Method (1) With cultivar ‘Taohuafeixue’ as materials, the variations of the expression levels of 13 candidate internal reference genes at different stages from blooming to senescence and in different tissues of the full bloom stage in herbaceous peony cut flowers were analyzed by qRT-PCR. The expression stability of 13 candidate internal reference genes was assessed by ΔCt and 3 software including geNorm, NormFinder, and BestKeeper. The comprehensive rankings of the expression stability of the candidate internal reference genes were obtained by online RefFinder analysis. (2) Based on the selected double internal reference genes, the expression profile of ACS and ACO, key genes of ethylene biosynthesis, were quantitatively analyzed at different stages from blooming to senescence and in the different tissues of the full bloom stage in herbaceous peony cut flowers.
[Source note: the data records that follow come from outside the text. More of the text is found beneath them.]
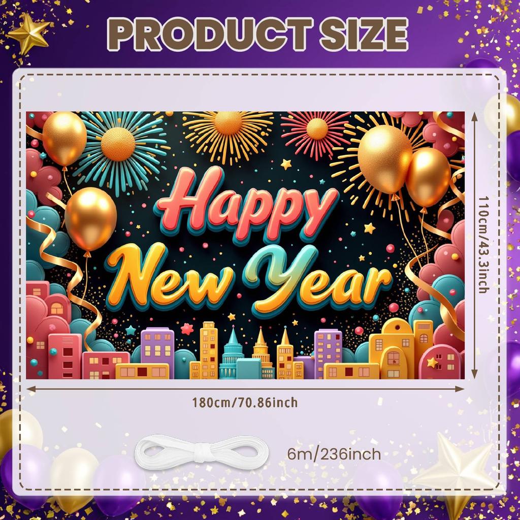 New Year Backdrop Party Backdrop Happy New Year Banner Golden Balloons Celebration Display For New Year Party Home
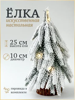 Елка искусственная заснеженная настольная с подсветкой 20 см
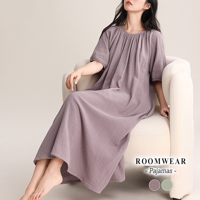 【メール便】「夏のお風呂上りを涼しく!」湯上りワンピース ガーゼ ワンピース ルームウェア レディース/tops2199
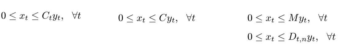 Setup cost in incurred in each period where there is positive production. There is a start up cost in period t if there is no setup in period t-1 and there is a setup in period t.
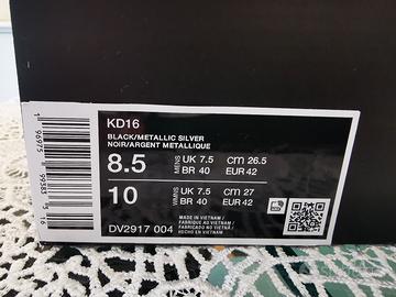 Vendesi per mancato utilizzo scarpe Nike KD16 Slim Reaper Black Metallic Silver usate solo una volta in palestra. con scatola originale pari al nuovo. Prezzo di acquisto 159 eur TG 42
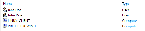 Organizational Units (OUs) are logical containers or groups used to organize and manage objects in Active Directory. During Enterprise 101, we created a few objects. Computer objects [project-x-windows-client] and [project-x-linux-client] were added. And a few accounts, John Doe and Jane Doe.
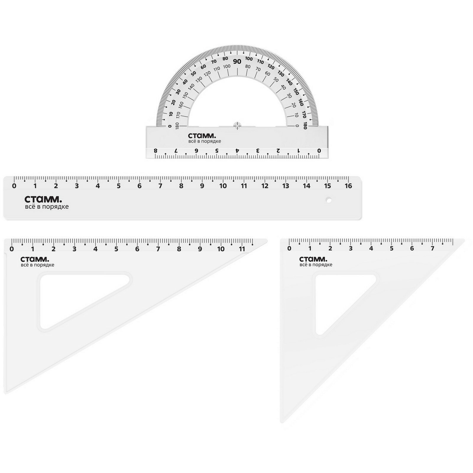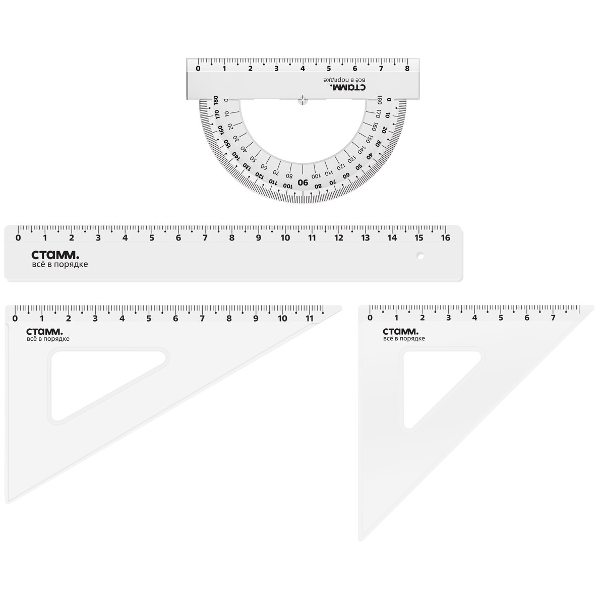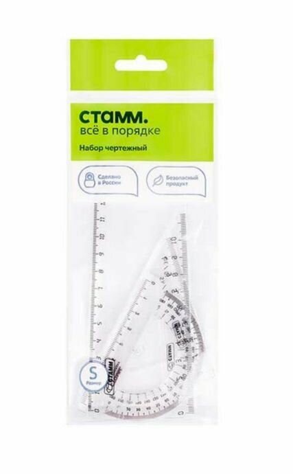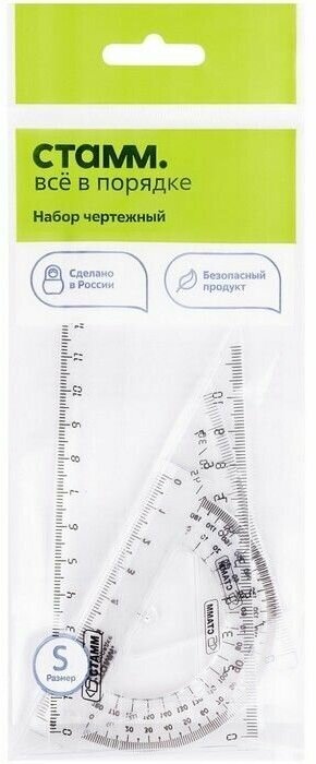 Купить Набор чертежный СТАММ, размер S (линейка 16см, 2 треугольника, транспортир), прозрачный, бесцветный, европодвес
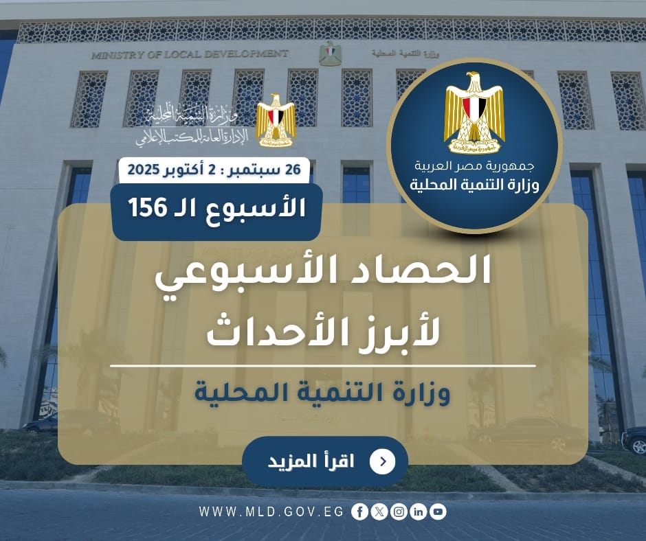 أصدر المركز الإعلامي لوزارة التنمية المحلية “الانفوجراف الأسبوعي” في نسخته الـ 156 حول أبرز أنشطة وفعاليات الوزارة بقيادة الدكتورة منال عوض وزيرة التنمية المحلية، حيث تضمن مجموعة من الفعاليات والاجتماعات ومتابعة المشروعات التنموية المهمة خلال الفترة (26 سبتمبر – 2 أكتوبر 2025).
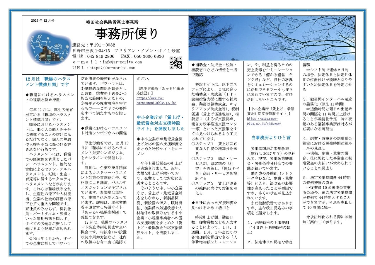 事務所通信2025年12月号を掲載しました。
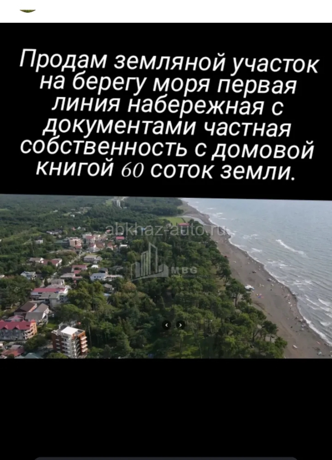 Продается участок на берегу 18 соток . Алахадзы
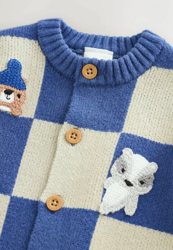 Кардиган прямого кроя Next, Blue Checkerboard Embroidered Character
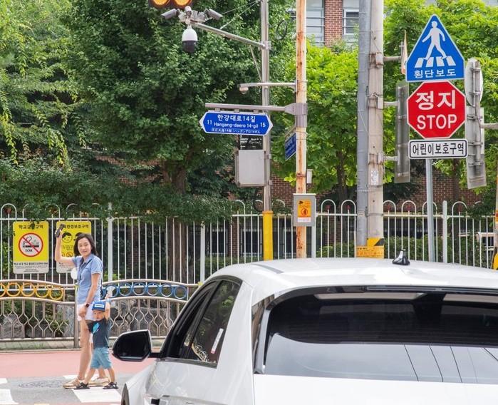 | ▲ 지난 16일 주민이 아이와 함께 한강초등학교 앞 어린이 보호구역 무신호 횡단보도를 지나고 있다. (사진제공=용산구청) |
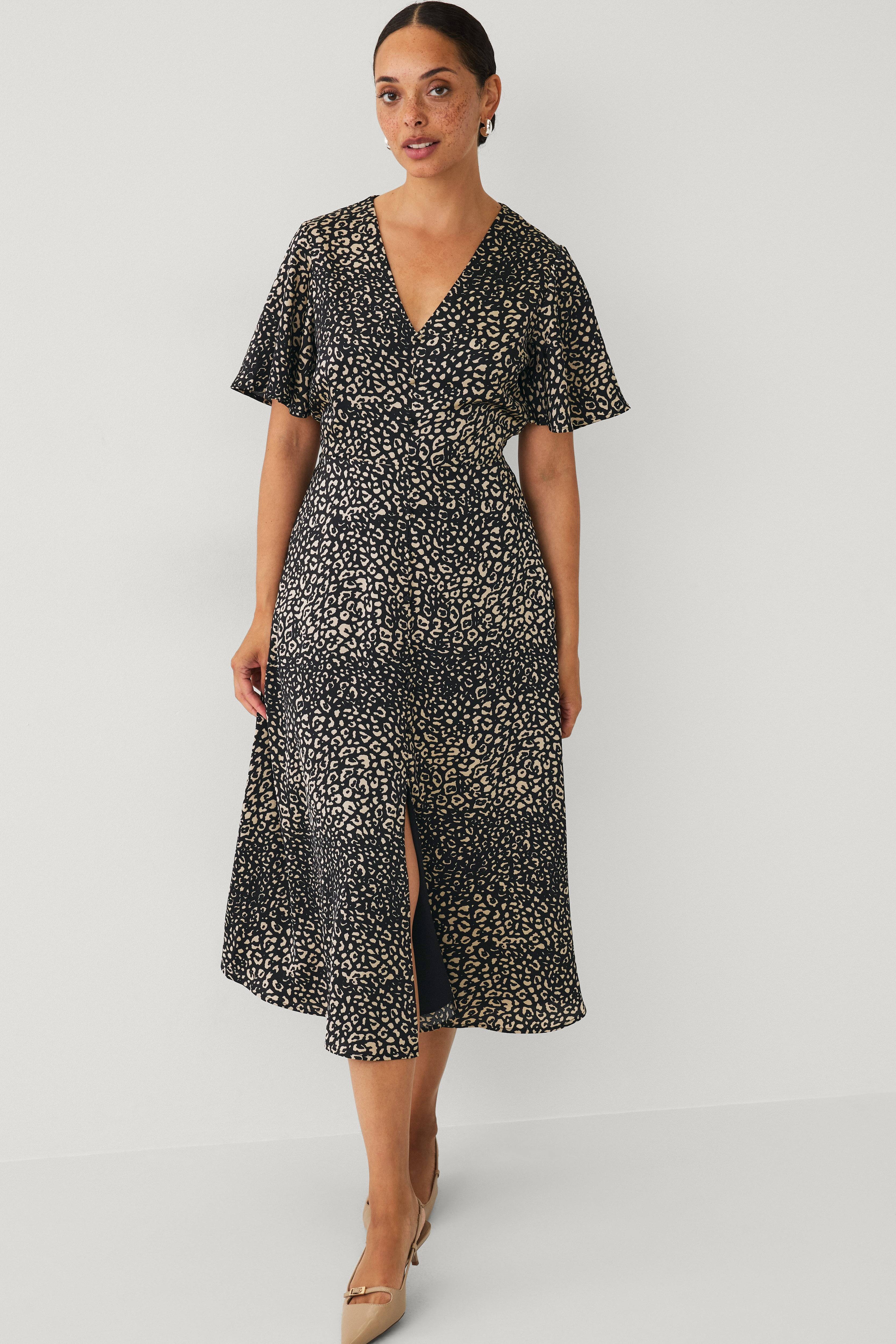 • Leopardmønstret kjole i sateng• V-formet hals• Korte ermer• Dekorative, kledde knapper foran• Utskjæring ved midjen• Glidelås i ene siden• Splitt nedover foran• Lengde: 124 cm i størrelse 36

Result (1) geNorm analysis showed that the expression stability of GAPDH and RAN3 at different stages was best. NormFinder analysis indicated that the expression stability of RAN3 was optimal. BestKeeper analysis illustrated that 18S rRNA expression was the most stable. RefFinder analysis indicated that RAN3 and GAPDH were the best suitable internal reference genes at different stages. (2) geNorm analysis indicated that the expression of ARF and PP2A in different tissues have the best expression stability. NormFinder analysis showed that the expression of UBQ was the most stable. BestKeeper analysis illustrated that GAPDH was best. RefFinder analysis indicated that UBQ and ARF were the best internal reference genes in different tissues in herbaceous peony cut flowers. (3) From opening to senescence process of peony cut flowers, the expression of ACS gene was significantly lower than that of ACO gene, and ACS was the ‘switch’ for the regulation of ethylene synthesis. ACO mainly played a role in the pre-opening stage of the cut flowers (0-12 h). ACS expression played an important role both in the bloom stage and in the senescence stage (6 h and 144 h), and played a limiting role in ethylene synthesis during the bloom stage. ⑷ ACS expression was significantly lower than ACO in different tissues of peony cut flowers during the blooming period, there was tissue variability in the expression of ACS and ACO, and both of them were higher in stems and calyxes.

Conclusion This study screened double internal reference gene combinations for qPCR quantitative expression analysis in different tissues of herbaceous peony cut flowers at different periods from opening to senescence (RAN3, GAPDH) and at full bloom (UBQ, ARF). ACO gene which is a key gene of ethylene biosynthesis mainly plays a role in the blooming process, and ACS plays an important role in both the blooming and the senescence process in herbaceous peony cut flowers. The finding will provide a reference for the improvement of cut flower longevity.